Source records
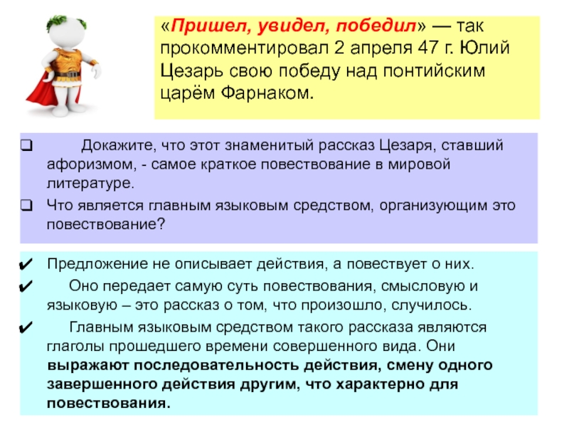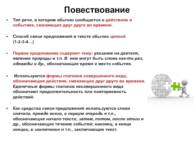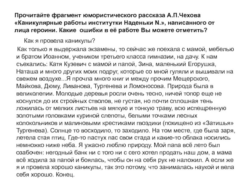 Пересказ и включённое в него задание должны составлять цельный текст.
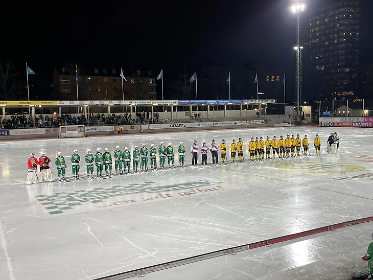 Спустя пару минут на льду появляются и гости в жёлтых свитерах - «Оби/Тьюреда». Для новичка Элитсерии этот матч уже ничего не решает, и им предстоит сыграть за выживание с клубами, занявшими 2-3 место в Алльсвенскан. А вот «Хаммарбю» очень нужна победа в этом матче, а помимо этого ещё и поражение «Болльнеса» дома от «Виллы» - тогда столичный клуб вышел бы в четвертьфинал плей-офф напрямую с 6-го места.
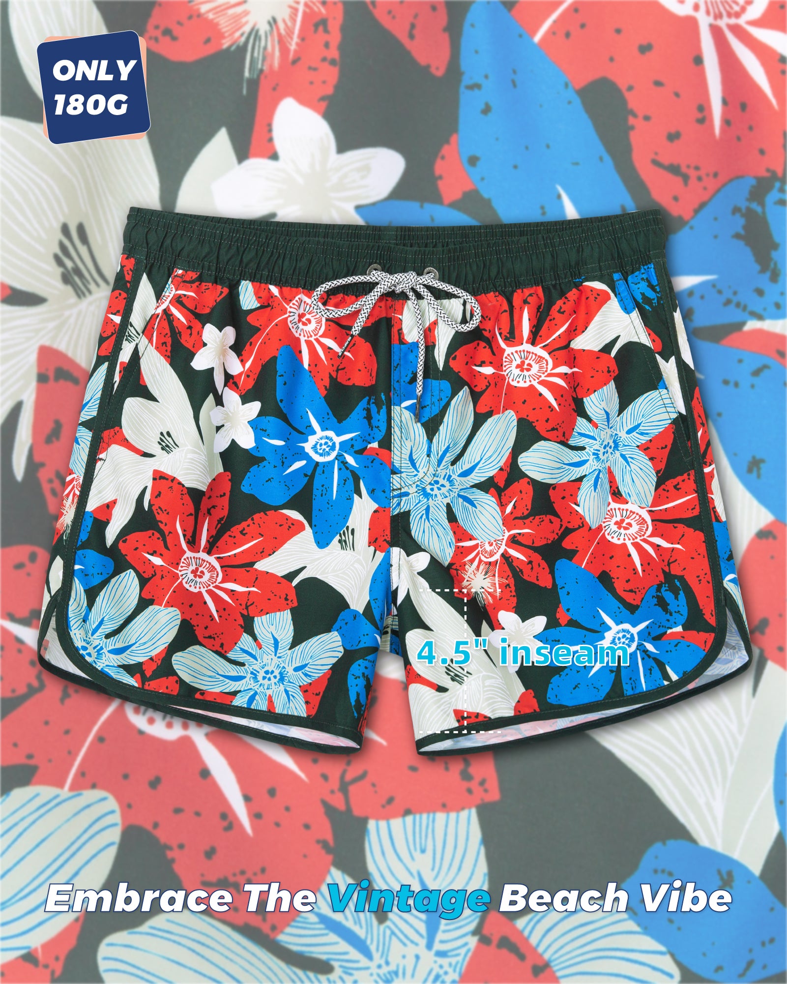 Men's 5 Inch Vintage Quick-Dry Board Shorts
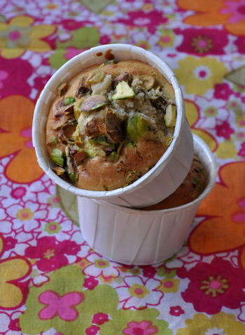 Parsemez la surface de chaque moelleux avec les pistaches concassées.
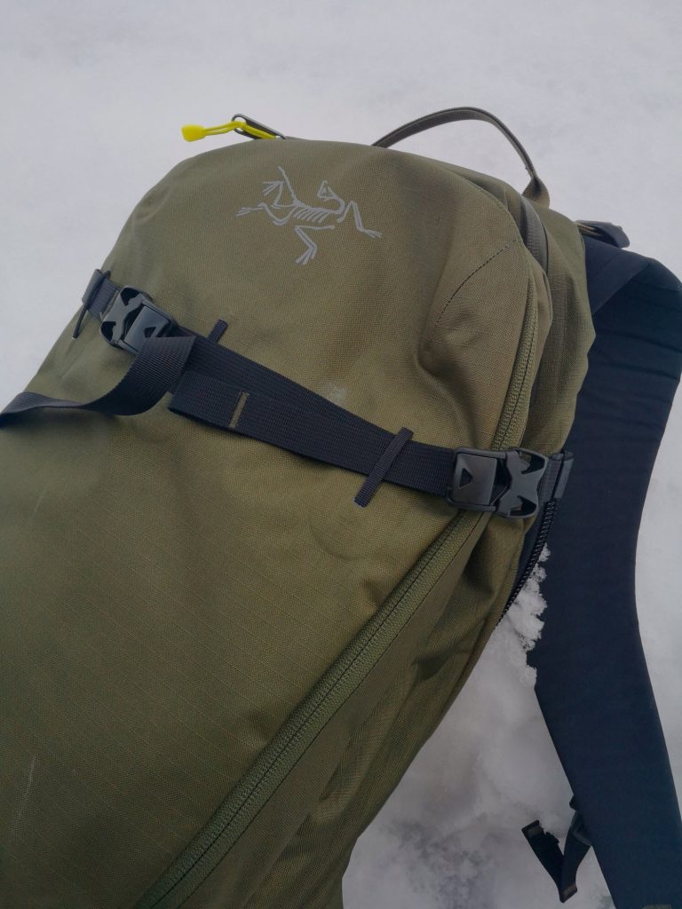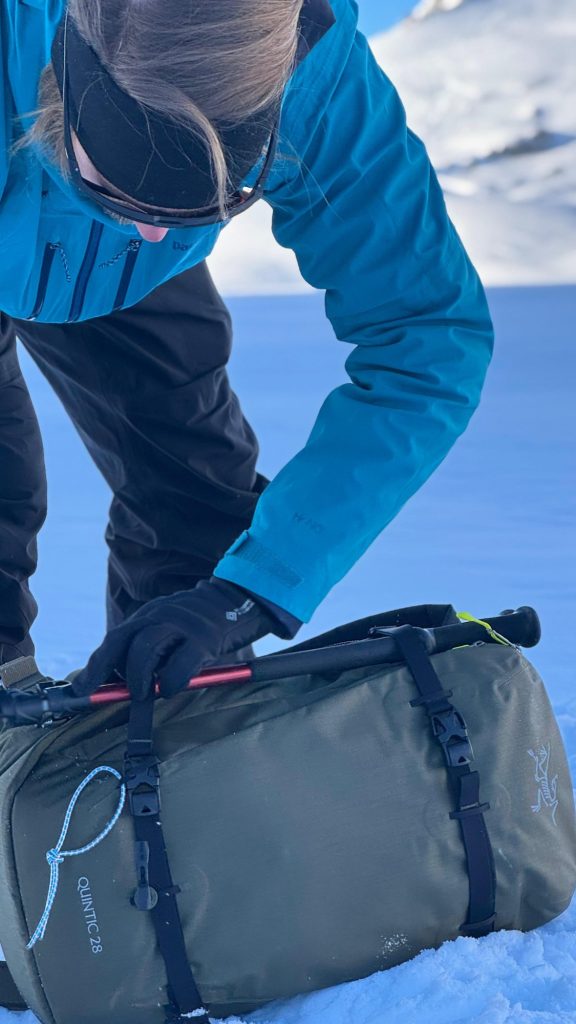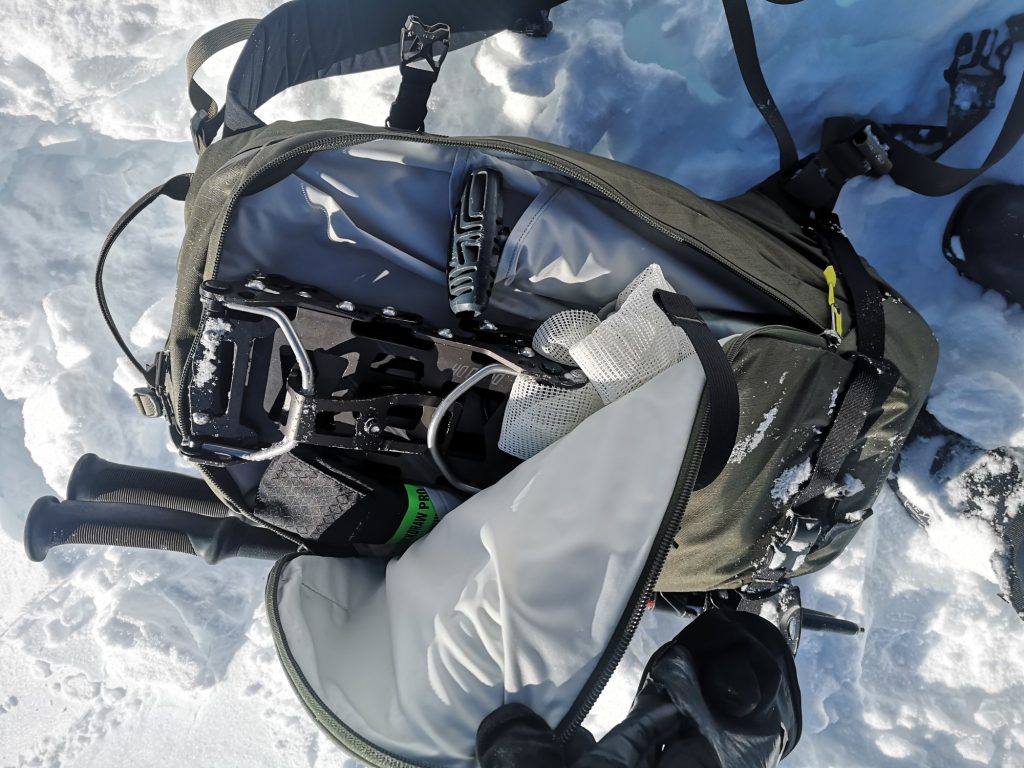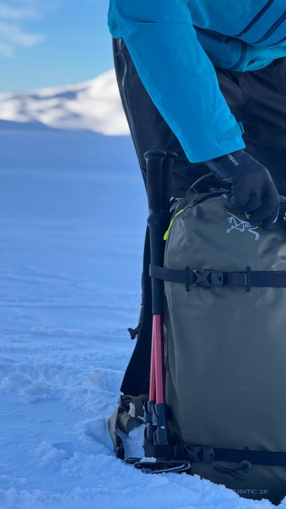 Der Arc’teryx Quintic 28 hat entspricht vom Konzept her einem Freeriderucksack mit klassischem Backloader zugang, also der Hauptzugang über den Reissverschluss am Rückenpanel, wie es auch andere Rucksäcke am Markt gibt und ist von dem her nichts neues. Auffallend ist dabei das grosse Frontfach für die Lawinenausrüstung, mit integrierten Halterungen für Sonde und Schaufelstiel. Die Zwischenwand, zwischen Hauptfach und Lawinenfach ist so konzipiert, dass diese sich an die jeweilige Beladung im Fach anpasst. Dies dadurch, dass etwas mehr Stoff vorhanden ist, und dieser sich je nach dem auf eine Seite drücken lässt. Jedoch führt dies auch zu meinem ersten Kritikpunkt. Durch die flexible Untertrennung verschwinden kleinere Gegenstände gefühlt in dem sehr grossen Lawinenfach und waren unterwegs schlecht auffindbar. Beispielsweise ein kleines Erstehilfe-Set. Allgemein könnte ich mir vorstellen, dass das Konzept beim Arc’teryx Quintic 16, dem kleineren Rucksack, besser funktioniert.
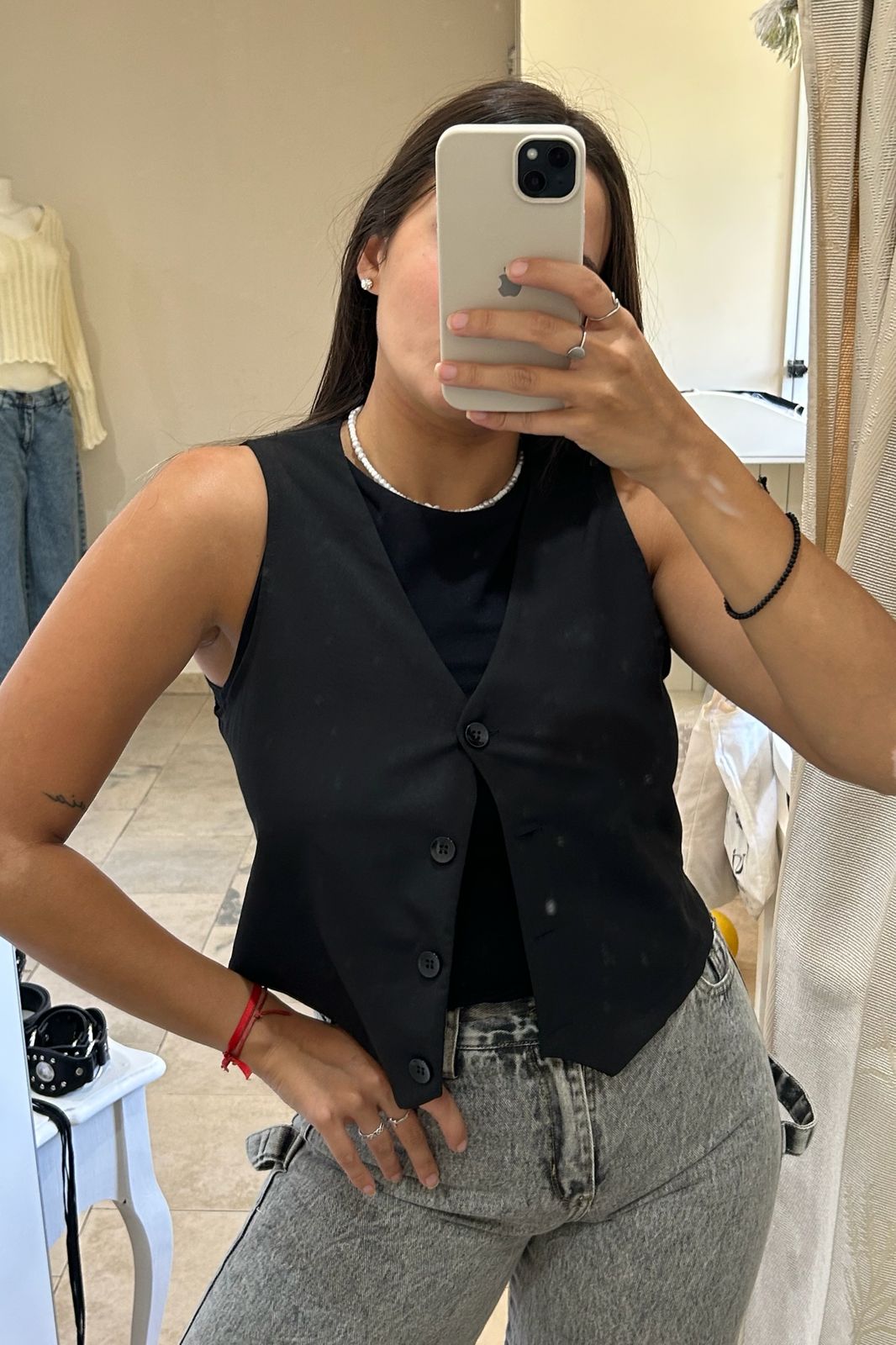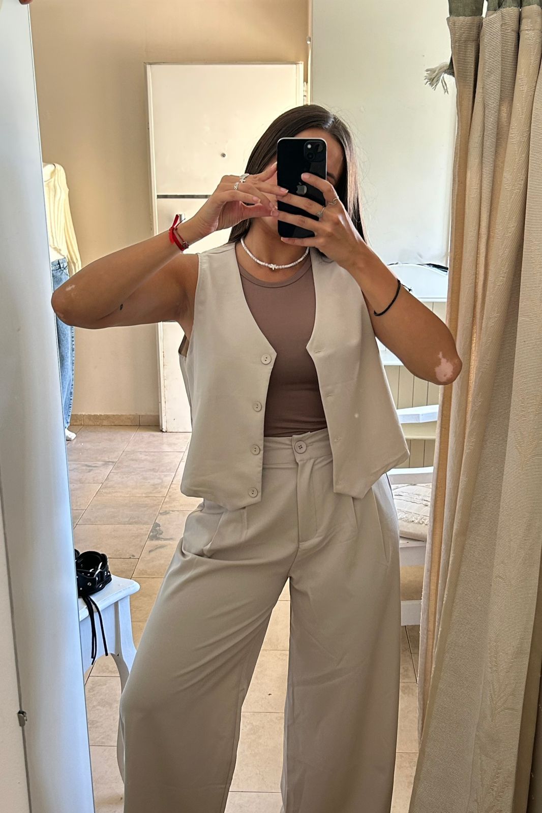 Chaleco sastrero en juego con el pantalon palazzo sastrero liviano con pinzas en la delantera.
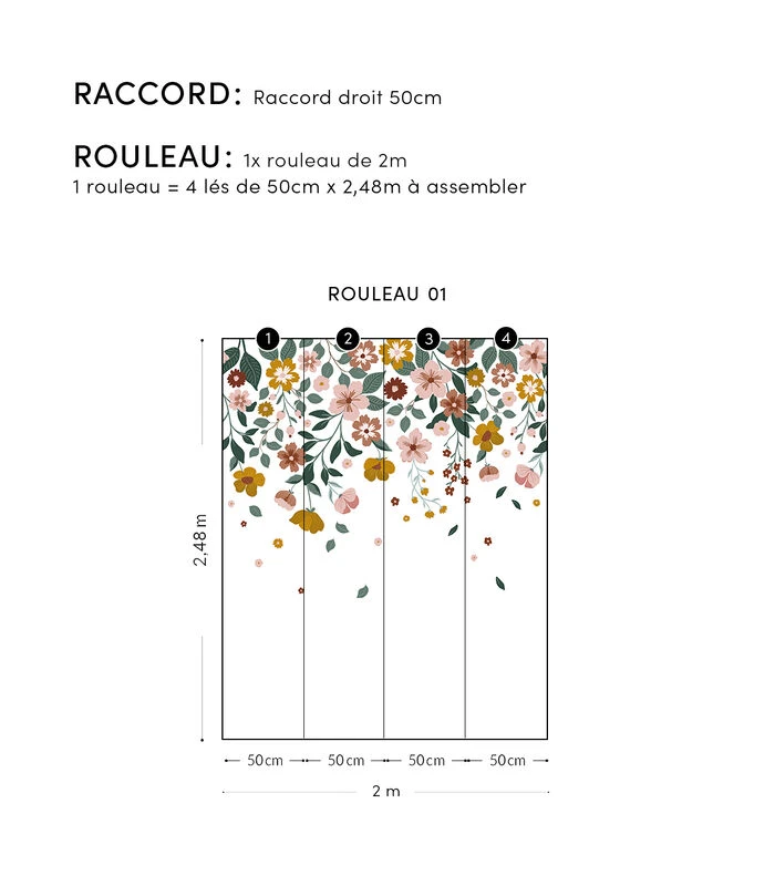 De afbeelding bestaat uit 4 stroken vliesbehang van 50 cm breed en 248 cm hoog.

• _WORK INSTRUCTIONS_: Repeat, exactly and in full, all records above, but include no pictures.

• _SOLUTION TO THIS EXERCISE_:
 Пересказ и включённое в него задание должны составлять цельный текст.
 Спустя пару минут на льду появляются и гости в жёлтых свитерах - «Оби/Тьюреда». Для новичка Элитсерии этот матч уже ничего не решает, и им предстоит сыграть за выживание с клубами, занявшими 2-3 место в Алльсвенскан. А вот «Хаммарбю» очень нужна победа в этом матче, а помимо этого ещё и поражение «Болльнеса» дома от «Виллы» - тогда столичный клуб вышел бы в четвертьфинал плей-офф напрямую с 6-го места.
 Men's 5 Inch Vintage Quick-Dry Board Shorts
 Parsemez la surface de chaque moelleux avec les pistaches concassées.
 Der Arc’teryx Quintic 28 hat entspricht vom Konzept her einem Freeriderucksack mit klassischem Backloader zugang, also der Hauptzugang über den Reissverschluss am Rückenpanel, wie es auch andere Rucksäcke am Markt gibt und ist von dem her nichts neues. Auffallend ist dabei das grosse Frontfach für die Lawinenausrüstung, mit integrierten Halterungen für Sonde und Schaufelstiel. Die Zwischenwand, zwischen Hauptfach und Lawinenfach ist so konzipiert, dass diese sich an die jeweilige Beladung im Fach anpasst. Dies dadurch, dass etwas mehr Stoff vorhanden ist, und dieser sich je nach dem auf eine Seite drücken lässt. Jedoch führt dies auch zu meinem ersten Kritikpunkt. Durch die flexible Untertrennung verschwinden kleinere Gegenstände gefühlt in dem sehr grossen Lawinenfach und waren unterwegs schlecht auffindbar. Beispielsweise ein kleines Erstehilfe-Set. Allgemein könnte ich mir vorstellen, dass das Konzept beim Arc’teryx Quintic 16, dem kleineren Rucksack, besser funktioniert.
 Chaleco sastrero en juego con el pantalon palazzo sastrero liviano con pinzas en la delantera.
 De afbeelding bestaat uit 4 stroken vliesbehang van 50 cm breed en 248 cm hoog.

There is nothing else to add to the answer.